##### Data block
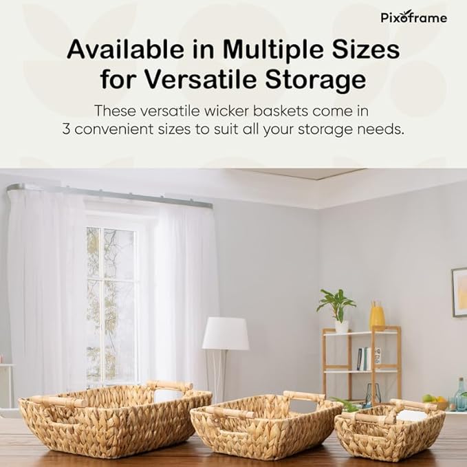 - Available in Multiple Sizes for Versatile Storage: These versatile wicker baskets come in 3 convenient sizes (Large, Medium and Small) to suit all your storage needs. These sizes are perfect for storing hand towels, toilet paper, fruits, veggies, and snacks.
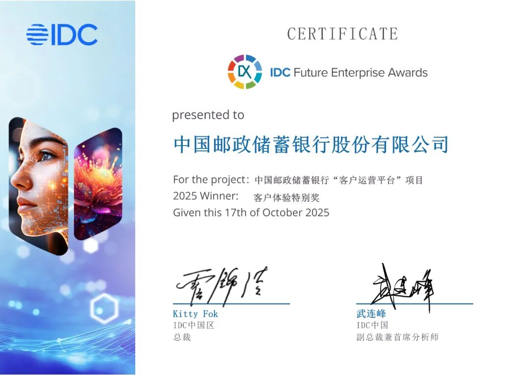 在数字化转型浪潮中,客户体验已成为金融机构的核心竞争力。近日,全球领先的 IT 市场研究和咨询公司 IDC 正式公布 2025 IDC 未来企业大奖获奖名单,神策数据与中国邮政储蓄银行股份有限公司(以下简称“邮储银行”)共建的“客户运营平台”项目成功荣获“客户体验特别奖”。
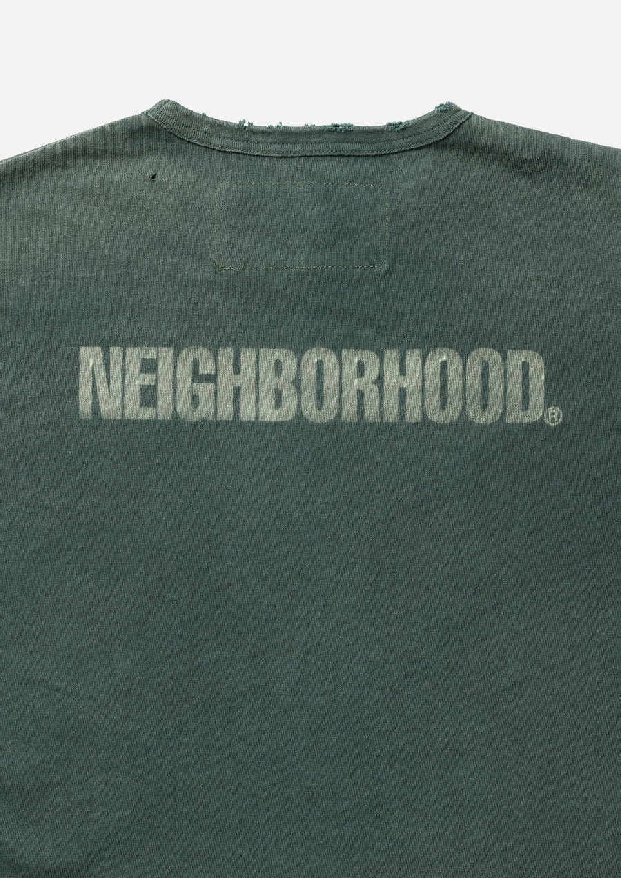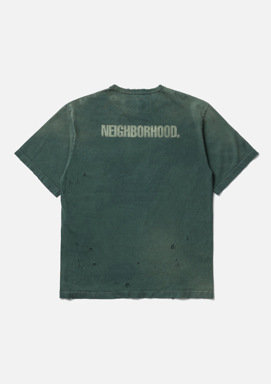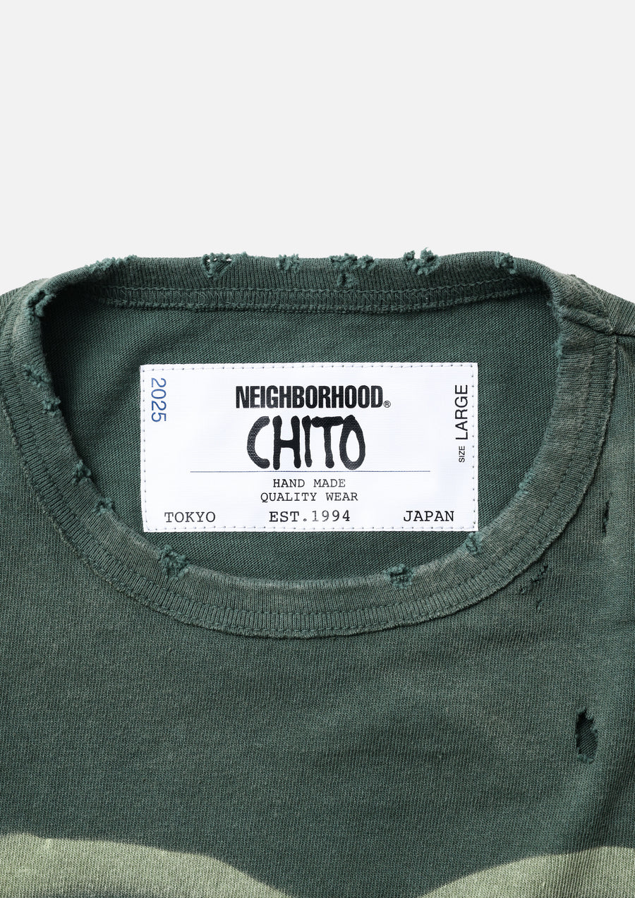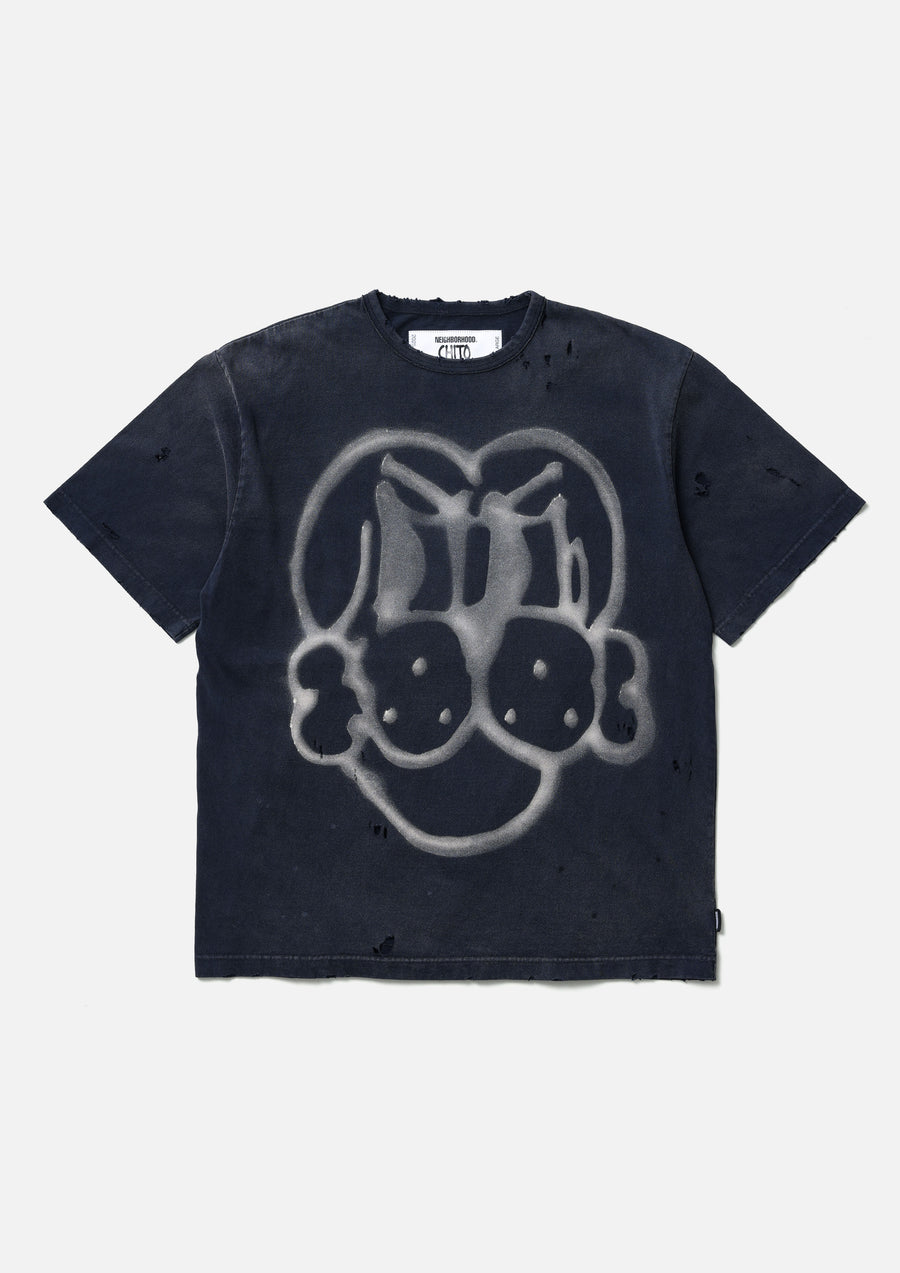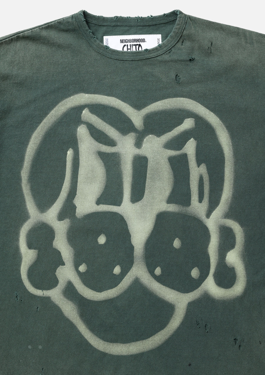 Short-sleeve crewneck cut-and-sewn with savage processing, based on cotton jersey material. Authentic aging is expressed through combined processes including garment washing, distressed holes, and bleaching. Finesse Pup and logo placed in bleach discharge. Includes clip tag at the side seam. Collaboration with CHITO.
##########
§ Work required
The reply must hold every line above exactly as written and none of the pictures.

§ Answer to this task
 - Available in Multiple Sizes for Versatile Storage: These versatile wicker baskets come in 3 convenient sizes (Large, Medium and Small) to suit all your storage needs. These sizes are perfect for storing hand towels, toilet paper, fruits, veggies, and snacks.
 在数字化转型浪潮中,客户体验已成为金融机构的核心竞争力。近日,全球领先的 IT 市场研究和咨询公司 IDC 正式公布 2025 IDC 未来企业大奖获奖名单,神策数据与中国邮政储蓄银行股份有限公司(以下简称“邮储银行”)共建的“客户运营平台”项目成功荣获“客户体验特别奖”。
 Short-sleeve crewneck cut-and-sewn with savage processing, based on cotton jersey material. Authentic aging is expressed through combined processes including garment washing, distressed holes, and bleaching. Finesse Pup and logo placed in bleach discharge. Includes clip tag at the side seam. Collaboration with CHITO.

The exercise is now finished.